Possibly one of the biggest determinants of the cost of a life insurance policy is the level of risk that the insurer associates with the policy holder. Thus, the greater the risk, the higher the premiums.
Average cost of life insurance
As we mentioned earlier, it is difficult to arrive at an average cost of a life insurance policy. The primary reason for our inability to do so, is the fact that the needs of each individual differs greatly from each other. For example, the needs that you presently have are certainly different from those of your children or parents. But it is quite possible that you may both need the same type of insurance policy.

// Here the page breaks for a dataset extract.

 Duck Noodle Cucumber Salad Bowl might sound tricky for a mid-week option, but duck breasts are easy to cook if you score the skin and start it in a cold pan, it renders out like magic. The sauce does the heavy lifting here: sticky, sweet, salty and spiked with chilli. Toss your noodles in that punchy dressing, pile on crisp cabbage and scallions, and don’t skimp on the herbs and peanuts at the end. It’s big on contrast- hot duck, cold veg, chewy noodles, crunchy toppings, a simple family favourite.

Insurers generally take the following factors into consideration when determining your overall health and risk involved:
- Status as a non-smoker or smoker
- The medical history of your family
- Concerns relating to your lifestyle such as alcohol consumption
- Pre-existing medical conditions
- Whether or not you have been diagnosed with mental health issues
This is not the complete list and different insurers may have different criteria to evaluate the level of risk that you pose to them as a policy holder. Different insurers ask different questions and have different levels of scrutiny involved in their profiling of policyholders.

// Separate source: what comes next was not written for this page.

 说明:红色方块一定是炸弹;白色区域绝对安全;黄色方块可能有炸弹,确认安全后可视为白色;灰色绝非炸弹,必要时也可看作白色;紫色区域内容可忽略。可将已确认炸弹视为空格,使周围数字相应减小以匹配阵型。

What you do for a living also plays an important role when it comes to the risk that you carry.
If your job requires you to work in dangerous environments such as around explosives, wild animals or underwater, you will naturally be liable to pay a higher premium amount compared to those having a low risk job such as a primary school teacher or office worker.
Another factor that can affect the estimate of your life insurance policy is the status of your employment. As a self employed individual, your personal situation may not be entirely clear to the insurer and it may also be difficult for you to obtain a high credit score.
How you can make a difference to the approximate cost of your life insurance policy
The only way in which you can reduce the monthly payments that you make towards your life insurance policy is to make some projections for the future, specifically the time at which you will buy the policy.
For instance, if you have been a smoker throughout your adulthood but have quit smoking just a week prior to the visit to the insurer, it is very unlikely that it will help you lower your premium amount. You should be smoke free for a period of at least one year so that your insurer places you in the category of a non smoker. It should be noted that smoking includes nicotine products such as e-cigarettes and nicotine patches as well.
A similar logic is applicable to all lifestyle habits. For instance, if you were to lose weight or cut down on your alcohol consumption, the amount that you will need to pay as a premium will certainly be lower than what you would have paid had you not made those lifestyle changes.
Since it is extremely difficult to make changes to premium amounts once the policy has been taken out, it is advised that you make these lifestyle changes beforehand to lower the cost of your life insurance policy.
The cost of a life insurance policy will vary depending on which stage of life you are in and your overall financial situation. If you are considering buying a life insurance policy, it is advisable to get professional guidance before you commit to anything.